A-3 REDUCING PATIENT WAIT TIMES FOR RADIATION THERAPY AND IMPROVING THE RADIATION TREATMENT PLANNING EFFICIENCY WITH THE AID OF A DISCRETE-EVENT SIMULATION MODEL

Monday, October 25, 2010: 2:00 PM
Grand Ballroom East (Sheraton Centre Toronto Hotel)
Inge Aivas, BA, MD, MSc1, Tomasz Bielecky, MBA, candidate2, Gregory S. Zaric, PhD3, Mehmet A. Begen, BSc, MSc, PhD3, J. Cao, MD1, David D'Souza, MD, FRCPC1, Reza Mahjoub4, George B. Rodrigues, MD, FRCPC, MSc1 and Michael Lock, MD, FRCPC1, (1)London Regional Cancer Program, University of Western Ontario, London, ON, Canada, (2)McMaster University, Hamilton, ON, Canada, (3)University of Western Ontario, London, ON, Canada, (4)Ivey School of Business, London, ON, Canada

Purpose: The Ontario Ministry of Health and Long Term Care has established wait time targets for cancer patients who are in need of radiation therapy. We investigated methods to reduce wait times and improve efficiency in a radiation oncology clinic.
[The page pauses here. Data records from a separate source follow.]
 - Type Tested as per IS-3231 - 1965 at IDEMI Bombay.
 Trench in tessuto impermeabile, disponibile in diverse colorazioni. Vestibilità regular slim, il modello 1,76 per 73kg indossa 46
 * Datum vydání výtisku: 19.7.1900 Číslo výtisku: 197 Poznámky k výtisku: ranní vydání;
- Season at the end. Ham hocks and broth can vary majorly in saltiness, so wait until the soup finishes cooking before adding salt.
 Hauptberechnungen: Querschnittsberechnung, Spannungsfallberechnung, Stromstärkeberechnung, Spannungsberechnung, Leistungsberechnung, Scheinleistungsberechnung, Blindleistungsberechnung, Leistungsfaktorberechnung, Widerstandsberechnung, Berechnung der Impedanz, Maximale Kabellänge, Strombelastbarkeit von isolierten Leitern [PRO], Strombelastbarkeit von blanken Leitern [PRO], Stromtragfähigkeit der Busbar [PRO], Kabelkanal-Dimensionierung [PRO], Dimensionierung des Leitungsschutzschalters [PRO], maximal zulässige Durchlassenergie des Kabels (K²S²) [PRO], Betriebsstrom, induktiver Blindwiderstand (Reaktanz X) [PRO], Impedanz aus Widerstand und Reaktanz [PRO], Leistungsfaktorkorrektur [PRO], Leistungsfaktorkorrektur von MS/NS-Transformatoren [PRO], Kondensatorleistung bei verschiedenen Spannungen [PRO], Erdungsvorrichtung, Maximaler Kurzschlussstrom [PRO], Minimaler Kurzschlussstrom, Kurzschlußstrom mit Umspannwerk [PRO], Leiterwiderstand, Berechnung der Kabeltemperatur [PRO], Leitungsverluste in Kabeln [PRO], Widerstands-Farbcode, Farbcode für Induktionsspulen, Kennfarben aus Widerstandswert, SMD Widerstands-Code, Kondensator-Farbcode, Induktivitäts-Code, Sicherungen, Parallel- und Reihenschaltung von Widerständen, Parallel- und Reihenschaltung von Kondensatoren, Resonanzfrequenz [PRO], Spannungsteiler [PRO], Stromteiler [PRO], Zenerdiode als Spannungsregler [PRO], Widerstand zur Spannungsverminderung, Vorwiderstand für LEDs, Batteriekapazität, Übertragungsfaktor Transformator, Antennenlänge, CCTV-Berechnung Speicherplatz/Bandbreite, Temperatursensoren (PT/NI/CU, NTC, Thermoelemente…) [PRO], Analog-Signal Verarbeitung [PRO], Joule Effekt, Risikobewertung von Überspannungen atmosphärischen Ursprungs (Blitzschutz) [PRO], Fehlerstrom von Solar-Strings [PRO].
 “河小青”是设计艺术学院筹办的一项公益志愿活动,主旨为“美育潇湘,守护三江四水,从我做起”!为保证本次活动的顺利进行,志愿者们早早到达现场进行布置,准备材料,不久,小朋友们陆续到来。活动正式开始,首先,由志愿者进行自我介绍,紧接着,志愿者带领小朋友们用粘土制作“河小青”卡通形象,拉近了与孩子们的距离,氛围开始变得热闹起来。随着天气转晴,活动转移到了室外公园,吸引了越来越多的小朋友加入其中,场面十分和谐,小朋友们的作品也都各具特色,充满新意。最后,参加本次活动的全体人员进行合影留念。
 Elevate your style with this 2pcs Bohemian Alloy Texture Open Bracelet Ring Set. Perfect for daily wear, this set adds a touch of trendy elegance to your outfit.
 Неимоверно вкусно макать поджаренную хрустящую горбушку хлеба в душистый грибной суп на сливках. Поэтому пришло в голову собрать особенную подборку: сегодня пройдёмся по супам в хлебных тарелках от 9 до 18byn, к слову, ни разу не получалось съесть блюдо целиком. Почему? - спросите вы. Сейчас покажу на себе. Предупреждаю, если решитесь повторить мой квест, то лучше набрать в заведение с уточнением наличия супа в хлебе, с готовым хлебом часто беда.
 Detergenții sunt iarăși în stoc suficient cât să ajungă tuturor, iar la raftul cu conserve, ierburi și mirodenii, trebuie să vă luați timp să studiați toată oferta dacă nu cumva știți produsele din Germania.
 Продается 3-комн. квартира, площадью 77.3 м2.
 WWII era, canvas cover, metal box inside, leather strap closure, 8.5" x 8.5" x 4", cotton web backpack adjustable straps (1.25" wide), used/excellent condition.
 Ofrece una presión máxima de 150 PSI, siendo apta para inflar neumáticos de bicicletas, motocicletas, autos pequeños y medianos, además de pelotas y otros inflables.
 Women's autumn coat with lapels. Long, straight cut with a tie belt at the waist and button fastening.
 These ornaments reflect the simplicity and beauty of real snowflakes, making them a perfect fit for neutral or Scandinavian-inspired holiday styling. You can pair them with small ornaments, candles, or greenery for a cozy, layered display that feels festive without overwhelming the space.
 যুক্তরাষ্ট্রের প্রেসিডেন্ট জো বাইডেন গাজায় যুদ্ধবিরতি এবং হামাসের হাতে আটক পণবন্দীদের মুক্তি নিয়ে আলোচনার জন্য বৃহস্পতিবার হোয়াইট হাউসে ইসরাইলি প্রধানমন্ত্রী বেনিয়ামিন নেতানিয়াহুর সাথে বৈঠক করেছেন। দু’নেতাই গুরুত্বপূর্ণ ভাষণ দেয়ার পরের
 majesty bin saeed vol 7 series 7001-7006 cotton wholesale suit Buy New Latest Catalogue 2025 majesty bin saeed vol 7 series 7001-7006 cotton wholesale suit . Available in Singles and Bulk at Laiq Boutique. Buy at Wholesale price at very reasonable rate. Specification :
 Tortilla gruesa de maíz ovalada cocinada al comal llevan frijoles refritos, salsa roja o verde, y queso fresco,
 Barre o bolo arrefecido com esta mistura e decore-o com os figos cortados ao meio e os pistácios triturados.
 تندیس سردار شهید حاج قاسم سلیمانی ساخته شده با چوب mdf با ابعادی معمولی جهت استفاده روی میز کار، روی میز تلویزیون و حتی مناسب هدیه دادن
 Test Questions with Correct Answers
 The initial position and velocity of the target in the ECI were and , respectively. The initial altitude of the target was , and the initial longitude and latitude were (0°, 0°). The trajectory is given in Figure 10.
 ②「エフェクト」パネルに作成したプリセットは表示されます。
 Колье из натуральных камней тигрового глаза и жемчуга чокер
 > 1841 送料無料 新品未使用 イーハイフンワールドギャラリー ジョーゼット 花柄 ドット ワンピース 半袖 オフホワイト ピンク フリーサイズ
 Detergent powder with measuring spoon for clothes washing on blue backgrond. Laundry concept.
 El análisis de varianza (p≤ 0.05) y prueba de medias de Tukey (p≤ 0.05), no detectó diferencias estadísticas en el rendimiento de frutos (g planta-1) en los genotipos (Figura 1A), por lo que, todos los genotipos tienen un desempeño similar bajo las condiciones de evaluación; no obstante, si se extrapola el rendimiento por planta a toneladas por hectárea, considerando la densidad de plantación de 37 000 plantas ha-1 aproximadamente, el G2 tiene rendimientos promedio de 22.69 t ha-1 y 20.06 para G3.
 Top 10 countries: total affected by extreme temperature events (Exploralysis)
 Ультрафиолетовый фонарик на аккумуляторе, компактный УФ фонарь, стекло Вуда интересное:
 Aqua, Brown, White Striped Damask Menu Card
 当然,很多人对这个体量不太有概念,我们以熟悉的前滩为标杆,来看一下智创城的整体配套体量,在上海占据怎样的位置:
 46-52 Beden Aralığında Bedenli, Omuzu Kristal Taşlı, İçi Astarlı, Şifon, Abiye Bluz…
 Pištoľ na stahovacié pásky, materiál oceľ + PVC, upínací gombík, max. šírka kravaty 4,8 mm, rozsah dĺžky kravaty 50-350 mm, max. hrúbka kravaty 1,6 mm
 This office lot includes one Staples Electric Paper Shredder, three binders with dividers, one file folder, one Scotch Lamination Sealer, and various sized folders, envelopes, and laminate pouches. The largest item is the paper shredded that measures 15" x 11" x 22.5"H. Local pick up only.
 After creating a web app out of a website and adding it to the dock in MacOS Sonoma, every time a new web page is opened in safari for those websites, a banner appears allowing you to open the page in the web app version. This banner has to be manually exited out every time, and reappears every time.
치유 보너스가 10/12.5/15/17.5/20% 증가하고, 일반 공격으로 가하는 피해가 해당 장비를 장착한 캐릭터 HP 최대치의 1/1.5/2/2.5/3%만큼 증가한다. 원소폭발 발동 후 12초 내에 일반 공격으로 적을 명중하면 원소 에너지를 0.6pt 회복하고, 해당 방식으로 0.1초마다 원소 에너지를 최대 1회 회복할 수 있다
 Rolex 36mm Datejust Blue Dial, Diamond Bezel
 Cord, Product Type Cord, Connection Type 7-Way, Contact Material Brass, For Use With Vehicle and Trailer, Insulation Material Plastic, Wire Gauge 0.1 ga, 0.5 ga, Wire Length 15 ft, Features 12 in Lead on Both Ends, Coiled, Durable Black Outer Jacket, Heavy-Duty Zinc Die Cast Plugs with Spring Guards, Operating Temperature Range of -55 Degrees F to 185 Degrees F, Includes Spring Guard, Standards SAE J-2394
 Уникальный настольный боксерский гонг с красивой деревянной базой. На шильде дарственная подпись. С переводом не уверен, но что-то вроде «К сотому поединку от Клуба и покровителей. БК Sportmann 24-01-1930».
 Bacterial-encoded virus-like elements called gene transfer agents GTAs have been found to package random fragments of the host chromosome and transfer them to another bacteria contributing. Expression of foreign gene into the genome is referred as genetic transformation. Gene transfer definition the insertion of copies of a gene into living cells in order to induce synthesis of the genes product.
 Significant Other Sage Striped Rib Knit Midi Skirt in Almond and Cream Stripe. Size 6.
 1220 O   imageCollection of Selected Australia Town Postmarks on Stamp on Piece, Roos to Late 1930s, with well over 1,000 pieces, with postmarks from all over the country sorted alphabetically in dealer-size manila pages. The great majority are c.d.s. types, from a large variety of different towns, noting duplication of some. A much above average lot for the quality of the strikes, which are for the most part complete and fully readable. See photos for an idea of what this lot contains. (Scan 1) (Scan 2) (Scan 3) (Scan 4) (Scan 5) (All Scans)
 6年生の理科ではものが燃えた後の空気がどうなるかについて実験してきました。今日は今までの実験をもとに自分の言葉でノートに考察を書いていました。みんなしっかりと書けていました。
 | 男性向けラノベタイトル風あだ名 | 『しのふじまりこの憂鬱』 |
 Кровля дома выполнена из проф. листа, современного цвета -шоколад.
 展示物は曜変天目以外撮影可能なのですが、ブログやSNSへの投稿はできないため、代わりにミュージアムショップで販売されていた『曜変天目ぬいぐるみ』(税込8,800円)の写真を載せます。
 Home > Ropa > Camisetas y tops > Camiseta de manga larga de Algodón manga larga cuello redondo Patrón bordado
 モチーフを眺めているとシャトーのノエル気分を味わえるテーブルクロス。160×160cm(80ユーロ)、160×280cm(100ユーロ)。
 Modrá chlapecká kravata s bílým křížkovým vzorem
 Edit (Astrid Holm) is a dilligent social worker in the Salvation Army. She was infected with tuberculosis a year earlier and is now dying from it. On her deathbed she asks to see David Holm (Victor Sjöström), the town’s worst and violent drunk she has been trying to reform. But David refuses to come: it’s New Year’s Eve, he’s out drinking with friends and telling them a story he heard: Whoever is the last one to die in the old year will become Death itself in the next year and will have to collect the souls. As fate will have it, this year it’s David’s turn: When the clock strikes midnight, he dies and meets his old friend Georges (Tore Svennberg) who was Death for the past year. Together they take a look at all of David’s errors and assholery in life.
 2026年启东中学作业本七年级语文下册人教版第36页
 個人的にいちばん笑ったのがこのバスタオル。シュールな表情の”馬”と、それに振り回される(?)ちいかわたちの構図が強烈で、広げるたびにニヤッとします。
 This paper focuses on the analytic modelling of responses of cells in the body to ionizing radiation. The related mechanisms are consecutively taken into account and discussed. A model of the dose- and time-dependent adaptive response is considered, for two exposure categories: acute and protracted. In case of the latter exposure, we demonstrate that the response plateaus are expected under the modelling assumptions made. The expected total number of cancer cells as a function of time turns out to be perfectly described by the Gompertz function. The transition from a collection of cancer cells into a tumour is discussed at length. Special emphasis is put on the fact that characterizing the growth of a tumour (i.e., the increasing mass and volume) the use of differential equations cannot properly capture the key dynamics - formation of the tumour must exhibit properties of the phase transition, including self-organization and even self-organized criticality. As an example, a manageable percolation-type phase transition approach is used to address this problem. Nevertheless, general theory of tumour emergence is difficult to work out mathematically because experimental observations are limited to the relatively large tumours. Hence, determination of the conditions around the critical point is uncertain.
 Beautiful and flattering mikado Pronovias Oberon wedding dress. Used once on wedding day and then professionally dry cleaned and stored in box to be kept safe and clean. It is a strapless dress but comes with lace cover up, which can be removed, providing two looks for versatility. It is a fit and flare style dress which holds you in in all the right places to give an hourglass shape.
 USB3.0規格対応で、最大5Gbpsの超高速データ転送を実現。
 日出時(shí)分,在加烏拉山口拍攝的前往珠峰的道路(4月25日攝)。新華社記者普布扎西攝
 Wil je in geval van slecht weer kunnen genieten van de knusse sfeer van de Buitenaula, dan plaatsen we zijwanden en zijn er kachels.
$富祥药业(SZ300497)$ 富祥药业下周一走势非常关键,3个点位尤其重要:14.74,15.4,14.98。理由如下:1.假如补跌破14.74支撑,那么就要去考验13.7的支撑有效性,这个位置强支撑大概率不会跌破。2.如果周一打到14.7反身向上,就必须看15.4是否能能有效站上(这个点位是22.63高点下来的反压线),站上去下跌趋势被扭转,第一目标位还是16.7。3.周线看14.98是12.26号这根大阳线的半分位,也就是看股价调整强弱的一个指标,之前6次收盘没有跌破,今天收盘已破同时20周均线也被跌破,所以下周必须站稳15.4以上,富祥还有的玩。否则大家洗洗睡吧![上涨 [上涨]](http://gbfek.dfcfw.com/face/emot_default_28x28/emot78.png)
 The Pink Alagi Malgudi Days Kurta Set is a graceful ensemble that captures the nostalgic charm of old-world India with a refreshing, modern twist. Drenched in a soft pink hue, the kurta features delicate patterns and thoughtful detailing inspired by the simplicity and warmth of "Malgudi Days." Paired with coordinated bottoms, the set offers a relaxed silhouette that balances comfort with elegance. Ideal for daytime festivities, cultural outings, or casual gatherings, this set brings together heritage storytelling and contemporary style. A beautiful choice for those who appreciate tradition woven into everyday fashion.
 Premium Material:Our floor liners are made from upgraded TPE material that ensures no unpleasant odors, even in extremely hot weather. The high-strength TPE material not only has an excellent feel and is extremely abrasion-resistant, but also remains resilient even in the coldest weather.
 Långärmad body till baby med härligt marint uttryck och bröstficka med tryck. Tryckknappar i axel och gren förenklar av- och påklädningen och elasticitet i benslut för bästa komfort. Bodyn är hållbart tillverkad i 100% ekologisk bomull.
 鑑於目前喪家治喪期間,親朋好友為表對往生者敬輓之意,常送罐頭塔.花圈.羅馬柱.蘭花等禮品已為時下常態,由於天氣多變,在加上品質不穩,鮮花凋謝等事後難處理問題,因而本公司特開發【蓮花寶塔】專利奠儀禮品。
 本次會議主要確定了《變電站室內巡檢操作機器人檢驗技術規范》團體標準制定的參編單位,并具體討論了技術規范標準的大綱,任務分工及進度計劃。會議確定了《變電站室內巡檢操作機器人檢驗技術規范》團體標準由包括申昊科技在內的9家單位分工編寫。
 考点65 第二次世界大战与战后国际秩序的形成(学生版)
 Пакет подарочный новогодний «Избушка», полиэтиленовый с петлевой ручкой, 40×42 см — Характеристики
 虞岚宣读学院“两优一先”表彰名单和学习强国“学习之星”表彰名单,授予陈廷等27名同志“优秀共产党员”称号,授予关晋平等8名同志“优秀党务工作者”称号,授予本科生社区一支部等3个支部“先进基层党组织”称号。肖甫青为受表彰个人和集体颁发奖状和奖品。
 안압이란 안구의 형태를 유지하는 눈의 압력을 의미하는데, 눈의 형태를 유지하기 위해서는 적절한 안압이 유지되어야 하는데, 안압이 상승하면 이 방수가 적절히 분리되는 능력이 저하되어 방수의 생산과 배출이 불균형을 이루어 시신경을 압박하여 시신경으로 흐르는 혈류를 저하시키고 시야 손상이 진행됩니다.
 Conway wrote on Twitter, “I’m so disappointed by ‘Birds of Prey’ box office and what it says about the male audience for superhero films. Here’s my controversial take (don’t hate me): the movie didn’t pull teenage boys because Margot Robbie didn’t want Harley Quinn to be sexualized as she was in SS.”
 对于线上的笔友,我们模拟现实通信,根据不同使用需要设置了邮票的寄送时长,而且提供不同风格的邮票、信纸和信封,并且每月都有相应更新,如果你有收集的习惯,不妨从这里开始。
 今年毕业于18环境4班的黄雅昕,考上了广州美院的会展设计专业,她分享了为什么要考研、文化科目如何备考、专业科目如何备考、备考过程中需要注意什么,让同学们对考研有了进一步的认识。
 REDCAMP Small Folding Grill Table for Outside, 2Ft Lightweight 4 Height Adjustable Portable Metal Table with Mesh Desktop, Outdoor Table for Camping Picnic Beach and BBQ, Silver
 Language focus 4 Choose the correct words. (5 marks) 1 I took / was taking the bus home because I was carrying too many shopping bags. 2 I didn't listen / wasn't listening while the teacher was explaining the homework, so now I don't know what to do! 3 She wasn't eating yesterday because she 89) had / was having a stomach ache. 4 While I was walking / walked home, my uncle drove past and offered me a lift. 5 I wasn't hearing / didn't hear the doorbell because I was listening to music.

Method: We developed a discrete event simulation model using Simul8. The model includes a process flow chart that is representative of a typical patient encounter at a tertiary cancer centre, from referral to radiation oncology to the point of treatment. The model tracks patients routing through all important process steps including consultation, dosimetry, CT simulation, and treatment. The distribution of referrals and patient demographic factors are based on data from 2009 patient tracking records. Event durations were obtained from scheduling data and interviews with radiation therapists. Schedules for treatment and the time required by dosimetry and physics were obtained from in-house software tracking system. We used the model to investigate a number of process flow improvements including changes to physician and technician schedules and increases in the number of staff hours available. Wait times for each process configuration were estimated using the simulation model.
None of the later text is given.